Implement ALL of the following:
Agent Loop:
- while(True) loop that exits when LLM returns no tool calls (end_turn)
- messages[] maintained as single source of truth, strictly alternating user/assistant
- Tool results wrapped as "user" role messages (Anthropic API contract)
- Hard max_turns limit (default 50)
Reliability (all required):
- Tool failure loop guard: track (tool_name, error_category) failures,
exit after 3 consecutive identical failures, reset counter on success
- Rate limit retry: try/except on RateLimitError, exponential backoff (1s/2s/4s),
do NOT increment turn_count on retry — rate limit is infrastructure noise
- Continuation nudge: detect mid-thought stops using heuristics,
inject synthetic "please continue" message, cap at 3 nudges
- AbortController: threading.Event() checked in every tool and LLM call
Context Management:
- Auto-compaction: estimate tokens before each LLM call, compact at 80% of limit
- Compaction: summarize messages[1:-4] using Haiku, replace with summary,
keep first message + last 4 messages verbatim
- Large output: save tool output >10k chars to disk, send LLM a file path pointer
Tool System:
- Strategy pattern: loop calls execute_tool(name, input) without knowing implementations
- Read-only tools (read_file, grep, glob): run in parallel via ThreadPoolExecutor
- Write tools (bash, write_file, edit_file): run serially
- execute_tool catches all exceptions, returns error string so LLM sees what went wrong
Safety:
- can_use_tool() gate before every execution
- Dangerous pattern detection for bash (rm -rf /, curl|bash, writes to /etc/)

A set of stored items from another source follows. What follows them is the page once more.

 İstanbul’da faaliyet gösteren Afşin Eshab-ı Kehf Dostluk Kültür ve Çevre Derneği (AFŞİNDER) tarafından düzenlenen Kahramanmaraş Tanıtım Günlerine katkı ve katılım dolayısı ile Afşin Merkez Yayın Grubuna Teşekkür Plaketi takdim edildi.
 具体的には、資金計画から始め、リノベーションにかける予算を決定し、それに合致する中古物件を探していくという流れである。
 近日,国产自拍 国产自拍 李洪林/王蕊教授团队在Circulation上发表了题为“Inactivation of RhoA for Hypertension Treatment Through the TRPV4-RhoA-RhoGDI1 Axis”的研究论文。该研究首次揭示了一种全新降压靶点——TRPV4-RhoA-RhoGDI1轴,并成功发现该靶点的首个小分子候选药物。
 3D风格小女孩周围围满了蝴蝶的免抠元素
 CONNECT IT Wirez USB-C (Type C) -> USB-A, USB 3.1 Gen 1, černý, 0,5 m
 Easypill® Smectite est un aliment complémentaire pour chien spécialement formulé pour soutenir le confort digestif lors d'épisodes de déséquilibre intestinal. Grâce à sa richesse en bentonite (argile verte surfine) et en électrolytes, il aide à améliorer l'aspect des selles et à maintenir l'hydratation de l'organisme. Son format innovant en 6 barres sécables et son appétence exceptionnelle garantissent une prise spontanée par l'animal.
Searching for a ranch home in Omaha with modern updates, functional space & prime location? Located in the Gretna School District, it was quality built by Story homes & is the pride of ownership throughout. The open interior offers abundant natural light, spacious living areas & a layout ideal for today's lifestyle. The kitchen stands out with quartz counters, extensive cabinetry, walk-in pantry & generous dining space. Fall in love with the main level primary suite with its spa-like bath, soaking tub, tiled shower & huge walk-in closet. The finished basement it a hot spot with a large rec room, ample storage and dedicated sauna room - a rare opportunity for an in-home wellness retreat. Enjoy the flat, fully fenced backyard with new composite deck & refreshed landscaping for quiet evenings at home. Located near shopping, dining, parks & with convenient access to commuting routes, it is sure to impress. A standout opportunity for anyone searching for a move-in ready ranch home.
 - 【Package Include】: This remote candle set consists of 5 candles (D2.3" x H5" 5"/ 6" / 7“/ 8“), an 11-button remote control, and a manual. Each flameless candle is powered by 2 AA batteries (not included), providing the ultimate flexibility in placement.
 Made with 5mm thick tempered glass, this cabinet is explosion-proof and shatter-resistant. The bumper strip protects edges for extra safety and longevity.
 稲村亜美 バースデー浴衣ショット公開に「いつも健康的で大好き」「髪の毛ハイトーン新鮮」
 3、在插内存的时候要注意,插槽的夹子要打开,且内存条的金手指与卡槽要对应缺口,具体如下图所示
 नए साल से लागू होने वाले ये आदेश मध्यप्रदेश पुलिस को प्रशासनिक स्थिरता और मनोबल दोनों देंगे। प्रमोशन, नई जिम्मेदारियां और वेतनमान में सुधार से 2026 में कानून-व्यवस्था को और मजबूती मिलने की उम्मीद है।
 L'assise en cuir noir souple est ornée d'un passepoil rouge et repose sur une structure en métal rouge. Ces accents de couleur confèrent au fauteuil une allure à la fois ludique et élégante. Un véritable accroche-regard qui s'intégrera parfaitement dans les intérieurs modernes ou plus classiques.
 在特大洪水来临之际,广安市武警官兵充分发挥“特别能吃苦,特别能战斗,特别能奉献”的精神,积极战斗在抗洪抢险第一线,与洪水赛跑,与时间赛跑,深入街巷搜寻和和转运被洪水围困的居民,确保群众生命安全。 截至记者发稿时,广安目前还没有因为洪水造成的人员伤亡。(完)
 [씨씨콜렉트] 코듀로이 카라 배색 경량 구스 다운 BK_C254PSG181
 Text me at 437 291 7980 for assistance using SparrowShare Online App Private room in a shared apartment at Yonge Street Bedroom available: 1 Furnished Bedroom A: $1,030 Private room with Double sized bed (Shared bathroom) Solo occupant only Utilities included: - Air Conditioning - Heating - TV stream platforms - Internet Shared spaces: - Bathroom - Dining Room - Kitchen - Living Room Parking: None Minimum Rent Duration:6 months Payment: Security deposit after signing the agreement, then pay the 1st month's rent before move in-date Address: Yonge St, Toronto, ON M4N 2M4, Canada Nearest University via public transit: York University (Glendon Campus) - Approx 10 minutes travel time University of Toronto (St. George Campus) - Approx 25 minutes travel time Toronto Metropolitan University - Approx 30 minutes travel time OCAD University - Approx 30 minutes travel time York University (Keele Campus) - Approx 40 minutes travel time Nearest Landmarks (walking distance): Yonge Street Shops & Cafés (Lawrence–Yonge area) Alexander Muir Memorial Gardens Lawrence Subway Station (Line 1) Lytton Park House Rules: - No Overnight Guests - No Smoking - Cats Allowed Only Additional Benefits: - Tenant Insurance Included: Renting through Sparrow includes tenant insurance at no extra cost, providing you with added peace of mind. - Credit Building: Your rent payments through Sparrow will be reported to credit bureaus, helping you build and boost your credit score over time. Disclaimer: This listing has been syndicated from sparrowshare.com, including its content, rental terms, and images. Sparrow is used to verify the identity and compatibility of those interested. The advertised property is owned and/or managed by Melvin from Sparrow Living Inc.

- Permission modes: read_only, interactive (ask user), full_auto
Memory:
- Load MEMORY.md from ~/.agent/ and project dir into system prompt at startup
- Auto-inject git status and recent commits as project context
Observability:
- Log every tool call, result, token usage, and loop exit reason
- Save full transcript as JSONL after each session
Tools to include: read_file, write_file, edit_file (string replacement),
bash, grep, glob, list_dir.
Use streaming for all LLM calls. Default model: claude-opus-4-8.